Robertson S.r.l
- Trade name: Drumohr
- Industry: Fashion
- Founded: 1773; 253 years ago
- Founder: James Paterson
- Owner: Ciocca
- Website: drumohr.com

= Drumohr =

Italian knitwear brand

Drumohr is a luxury Italian fashion brand specialising in knitwear. It originated in Scotland in 1773.

== History ==
The company was founded by James Paterson in Dumfries, Scotland in 1773 as J.A. Robertson & Sons, a hosiery manufacturer producing stocking and gloves. In 1805 he moved to the farm of Nunland on the road to Castle Douglas.

In 1851, it exhibited a sample of hand framed hosiery at the London Great Exhibition.

At the end of the 19th century, it opened a new factory in Dumfries to produce hosiery, gloves and socks, then also fully-fashioned wool and cashmere outerwear.

Stockings in jacquard colour patterns were sold to members of the Royal Family, including George V and Queen Mary. In 1927, the Prince of Wales (later Edward VIII) was photographed wearing a Drumohr sweater and socks on the golf course, giving further publicity to the brand.

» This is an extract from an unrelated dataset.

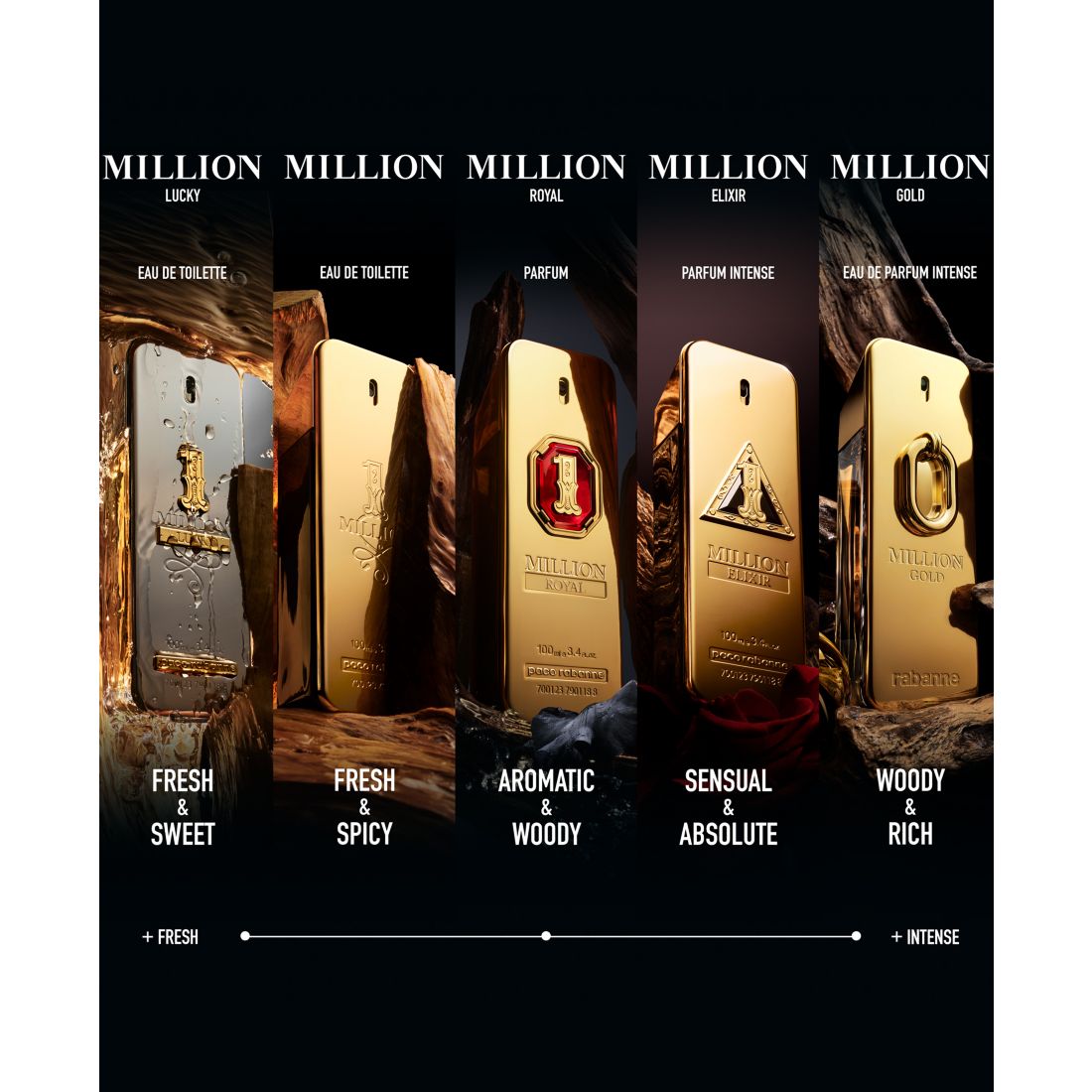 Enter the 1 Million Royal kingdom with the ultimate men's cologne of defiant self-expression. 1 Million Royal Parfum by Rabanne is a bold, fresh and woody blend that collides with distinctive sensuality to unleash what makes you uniquely you. The legend is reborn with an unexpected blend of energizing lavender, vibrant cedarwood and sensual benzoin. The iconic 1 Million gold bar is reinvented for Royal, with accents of fearless red that echo jewels and royal insignias.
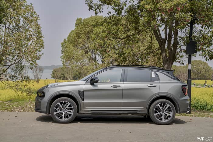 车身线条流畅,配上19英寸的轮毂,整体离地间隙相当高,能保障很好的郊区出游的通过性,就像我们通过的这条乡间小路,过来的路上坎儿不少,好多家轿都是直接拦在外面了,完全没法子过来,这就是可城可野的领克01的优势所在了,通过性杠杠滴,应付日常家用轻轻松松。

During World War II, the factory was requisitioned and the Robertson brothers were required to teach the owners of rivals McGeorge and Pringle the methods of manufacturing Drumohr's knitwear.

Facing overseas competition and several changes of ownership, the Dumfries factory closed in 2003. In the 1990s, its Dumfries competitor McGeorge was similarly forced to close.

In 2006, the brand was bought by the Italian company Ciocca Group. Clothing has been produced in Italy under the name "Drumohr" since then.